Research Project 6: Processing data from a visual IoT sensor of fluid/structure interactions with machine learning

Faculty Mentor: Andrew Dickerson and Damla Turgut

Figure 6. Fluid jet emmited from elastic orifice.

Research: We envision an IoT that not only provides us data via countless sensors, many vision-based, but uses this immense amount of data to predict physical events before they happen. This is particularly appealing in cases where the underlying physics are not well-understood. Thus, it is imperative we investigate the integration machine learning and IoT for phenomena that currently have no established theoretical models. REU students will begin by filming free fluid jets ejected through soft orifices, similar to that shown in Figure 6. Free jet stability is greatly influenced by the deformability of the solid interface through which the fluid exits, but this highly-coupled interaction has not been formally characterized.
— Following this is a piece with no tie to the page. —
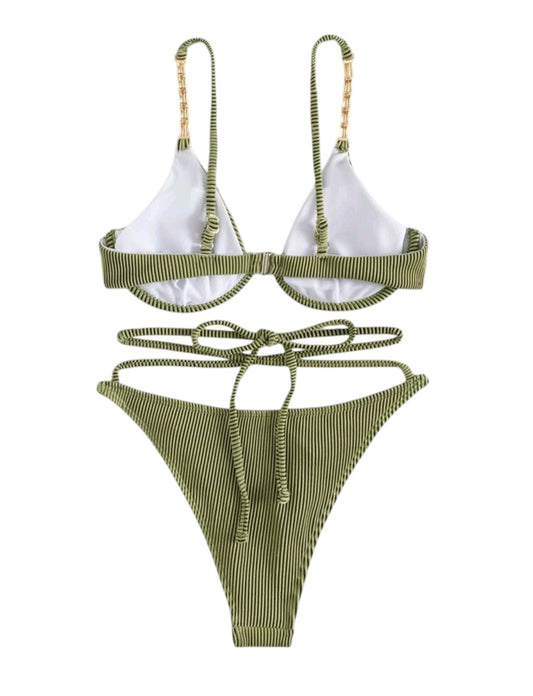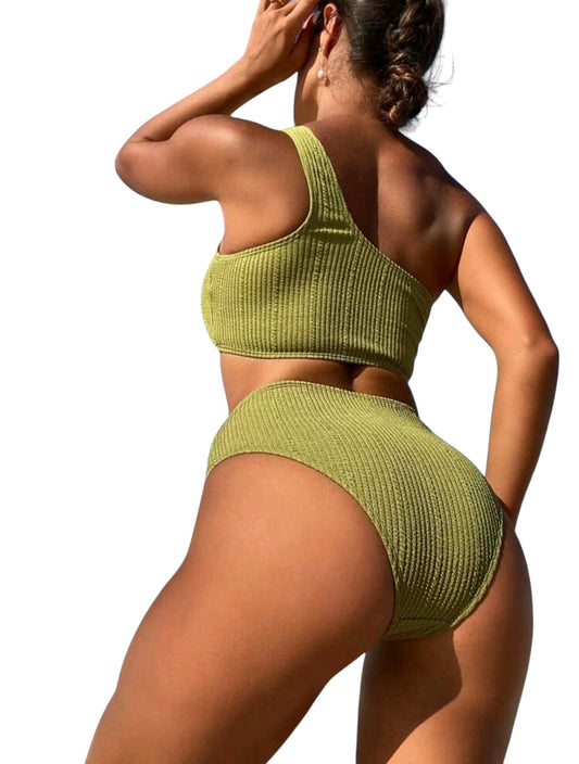 SHE olívazöld egyvállú fűzős kétrészes bikini

Multiple experiments will be run to draw a relationship between jet stability and solid material properties and generate data. Students will extract physical dimensions from video, such as perturbation wave number and breakup distance, with open source MATLAB and Tracker tools. The data collection phase should consume roughly two weeks. By surveying literature on well-established machine learning techniques, students will choose and justify the best tool for integration of basic experimental data. Their chosen tool will be refined and trained with existing stability data and tested against data withheld from training, with the goal of predicting jet characteristics from untested materials. Students will be encouraged to begin with existing open source code and modify for application to fluid flow.

 

Project #7: IoT augmented physical scale model of a suburban home

Faculty Mentors: Damla Turgut and Ladislau Bölöni

Figure 7. An early prototype of ScaledHome. A Raspberry Pi 3 controller collects data from sensors embedded in 4 internal rooms and controls actuators opening/closing doors. A remotely controlled fan and heat lamp provides a simplified climate control.
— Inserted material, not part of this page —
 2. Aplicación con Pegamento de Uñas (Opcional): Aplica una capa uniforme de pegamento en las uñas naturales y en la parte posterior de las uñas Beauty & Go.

Research: We envision an IoT augmented physical scale model of a suburban home. The REU students will develop building blocks for a model home, which allows quick configuration changes, such as changing the number of levels and rooms. The students will also design and assemble Raspberry Pi 3-based sensor packs that can be deployed in every room and actuators that implement the opening and closing of doors and windows. This architecture will allow the students to perform accelerated experiments in hypothetical external circumstances, and in a variety of environments that would be prohibitively expensive to do with real world homes. The students will use AI techniques to implement a smart-home behavior that reads the sensors and automatically reacts to environmental events. The students will use data science to process the data collected through the environment.